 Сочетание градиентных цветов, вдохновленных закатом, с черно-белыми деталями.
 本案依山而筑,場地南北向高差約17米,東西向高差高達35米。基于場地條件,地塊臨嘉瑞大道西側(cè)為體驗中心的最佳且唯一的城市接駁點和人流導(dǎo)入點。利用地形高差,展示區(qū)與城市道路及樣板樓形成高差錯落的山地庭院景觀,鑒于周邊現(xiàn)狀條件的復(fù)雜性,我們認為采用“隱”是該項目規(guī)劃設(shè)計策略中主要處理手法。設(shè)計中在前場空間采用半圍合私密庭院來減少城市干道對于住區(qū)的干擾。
...
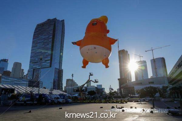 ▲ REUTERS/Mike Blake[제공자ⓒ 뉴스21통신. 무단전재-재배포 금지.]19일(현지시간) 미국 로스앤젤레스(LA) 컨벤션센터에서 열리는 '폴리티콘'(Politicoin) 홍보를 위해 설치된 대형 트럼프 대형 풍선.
==
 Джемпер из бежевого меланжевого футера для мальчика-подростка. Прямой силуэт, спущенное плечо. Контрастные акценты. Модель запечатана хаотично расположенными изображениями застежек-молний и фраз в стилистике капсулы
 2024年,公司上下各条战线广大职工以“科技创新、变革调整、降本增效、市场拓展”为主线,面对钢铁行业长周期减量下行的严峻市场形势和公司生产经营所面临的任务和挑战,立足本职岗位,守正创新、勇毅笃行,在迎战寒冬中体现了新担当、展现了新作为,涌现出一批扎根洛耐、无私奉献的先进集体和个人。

▶ Task goal
Find where the line with "Сочетание градиентных цветов, вдохновленных" sits in the material above, then copy exactly from it through the line with "本案依山而筑,場地南北向高差". Add no other line.

▶ Problem solution
 Сочетание градиентных цветов, вдохновленных закатом, с черно-белыми деталями.
 本案依山而筑,場地南北向高差約17米,東西向高差高達35米。基于場地條件,地塊臨嘉瑞大道西側(cè)為體驗中心的最佳且唯一的城市接駁點和人流導(dǎo)入點。利用地形高差,展示區(qū)與城市道路及樣板樓形成高差錯落的山地庭院景觀,鑒于周邊現(xiàn)狀條件的復(fù)雜性,我們認為采用“隱”是該項目規(guī)劃設(shè)計策略中主要處理手法。設(shè)計中在前場空間采用半圍合私密庭院來減少城市干道對于住區(qū)的干擾。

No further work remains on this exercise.